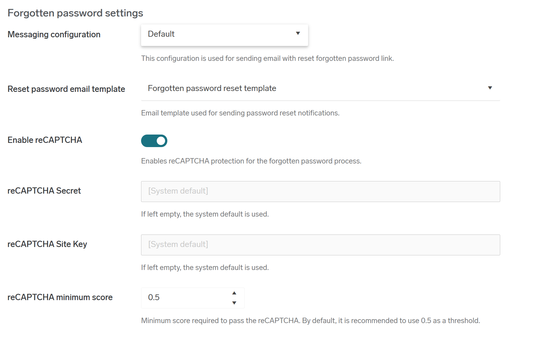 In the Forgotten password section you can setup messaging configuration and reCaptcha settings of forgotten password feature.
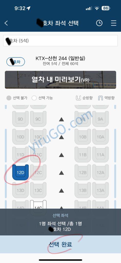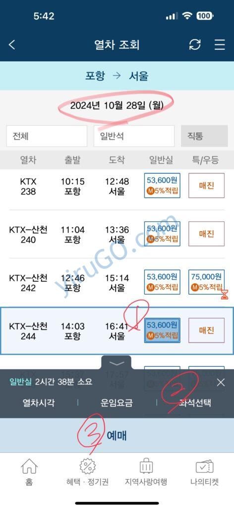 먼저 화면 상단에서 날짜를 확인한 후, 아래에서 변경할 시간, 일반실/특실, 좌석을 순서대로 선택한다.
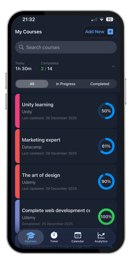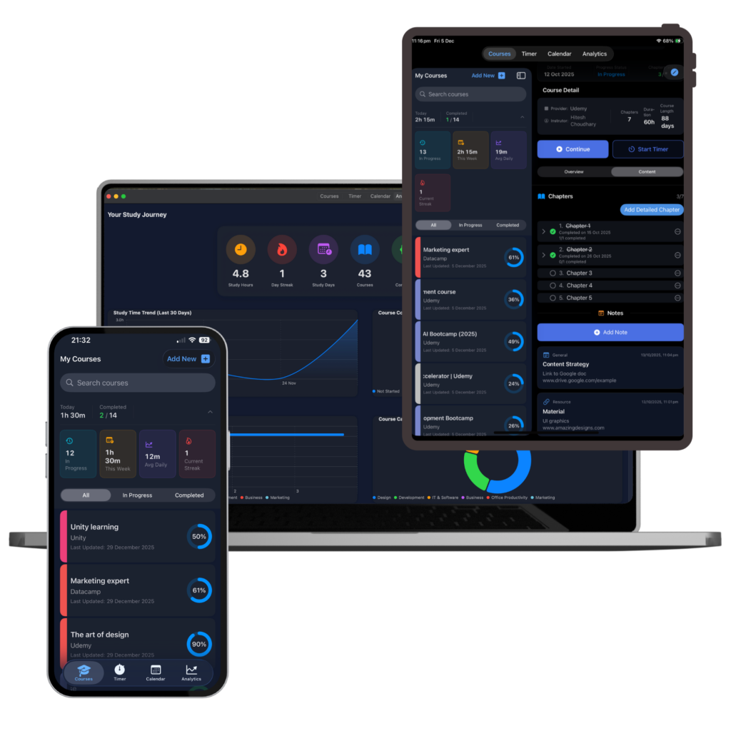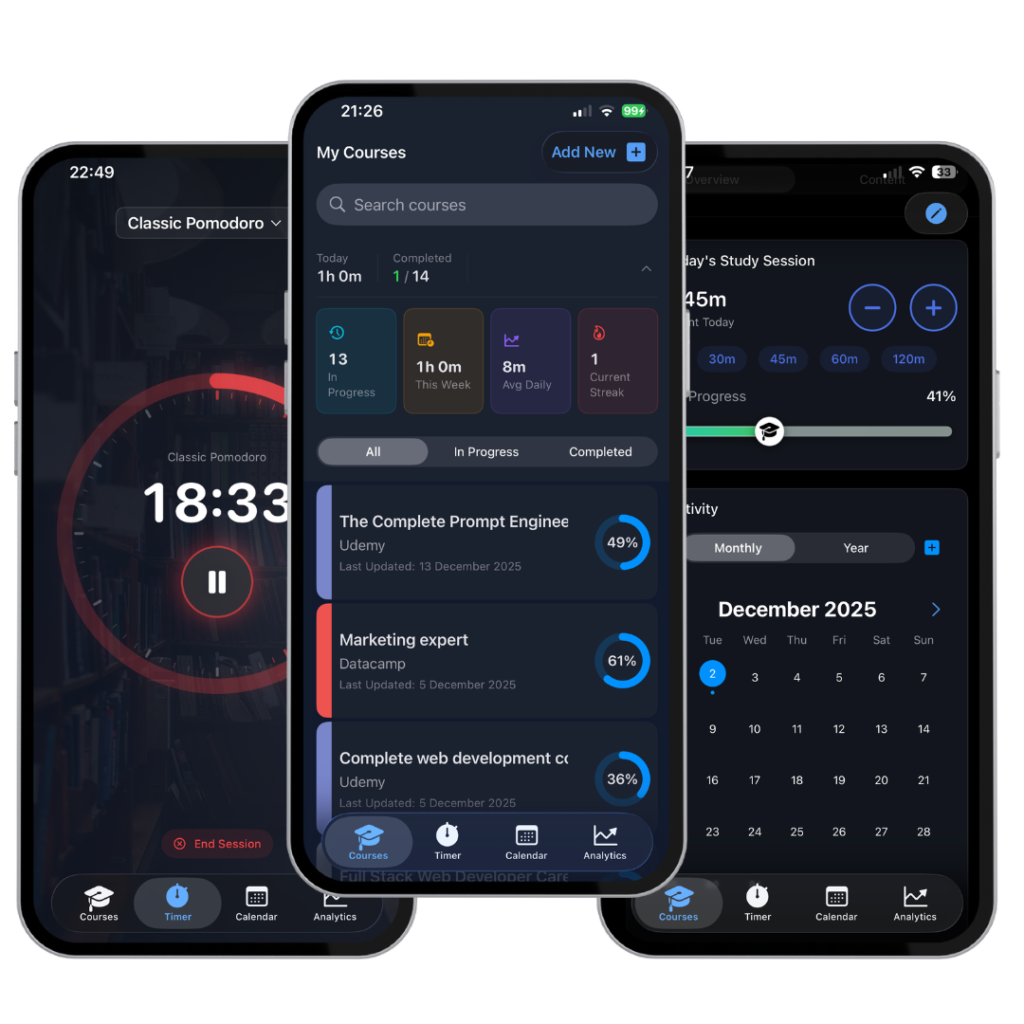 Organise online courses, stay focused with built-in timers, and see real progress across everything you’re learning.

...

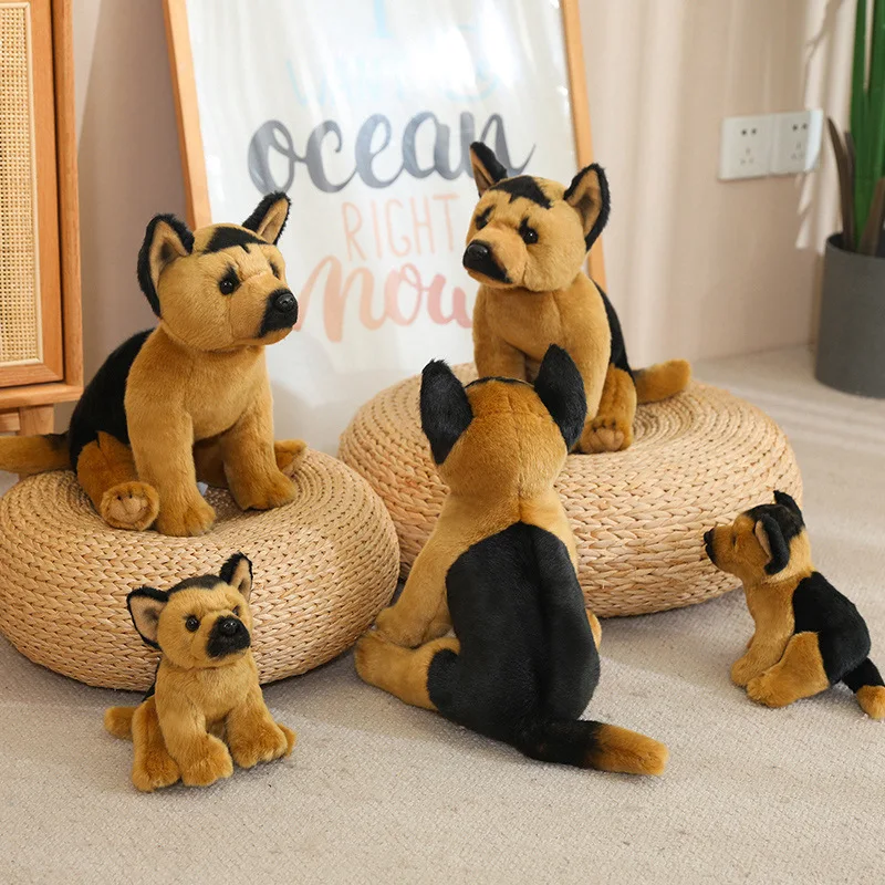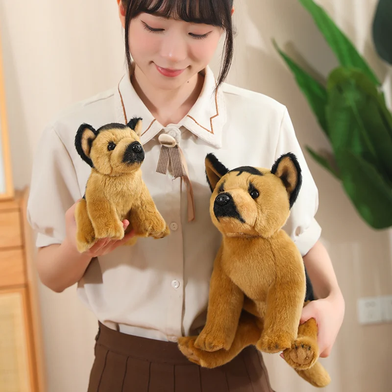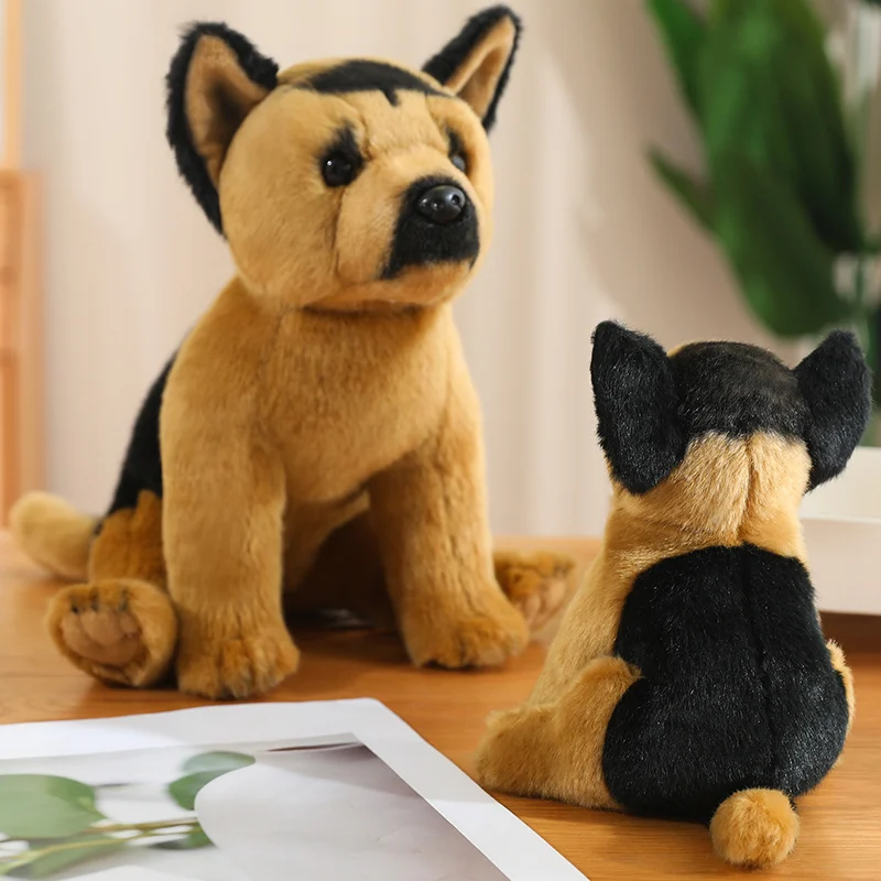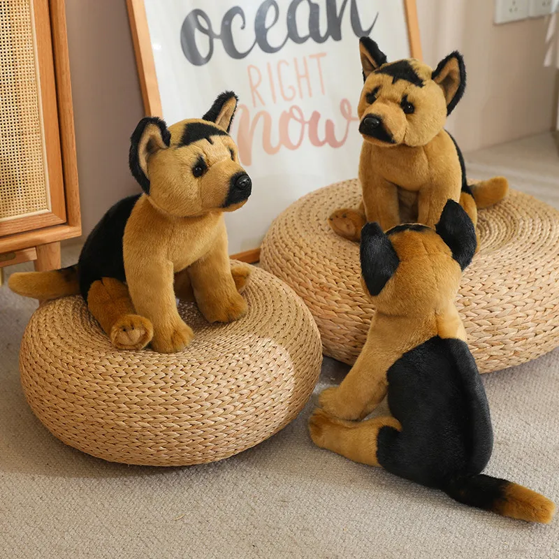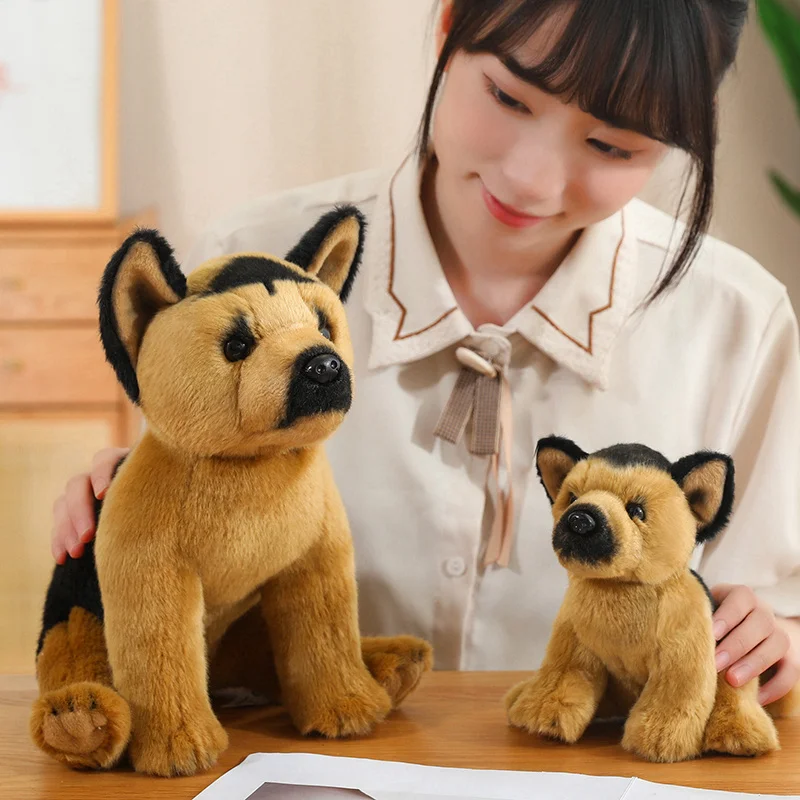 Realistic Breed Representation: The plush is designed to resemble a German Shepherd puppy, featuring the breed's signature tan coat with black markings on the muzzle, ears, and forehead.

...

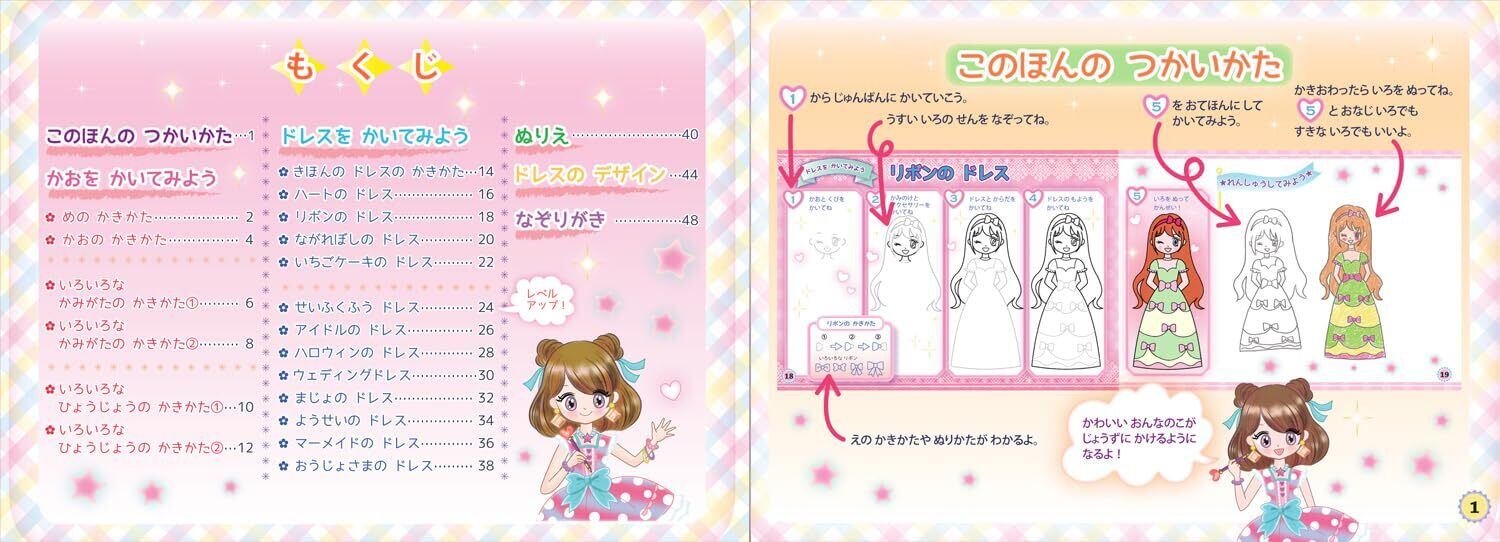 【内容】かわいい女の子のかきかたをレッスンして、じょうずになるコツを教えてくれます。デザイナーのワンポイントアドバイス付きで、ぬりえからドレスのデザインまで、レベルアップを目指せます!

ASSIGNED TASK = Only the lines between the one with "In the Forgotten" and the one with "Organise online courses, stay", those two included, get copied from the material above. Keep it exact and free of pictures.

TASK ANSWER =
 In the Forgotten password section you can setup messaging configuration and reCaptcha settings of forgotten password feature.
 먼저 화면 상단에서 날짜를 확인한 후, 아래에서 변경할 시간, 일반실/특실, 좌석을 순서대로 선택한다.
 Organise online courses, stay focused with built-in timers, and see real progress across everything you’re learning.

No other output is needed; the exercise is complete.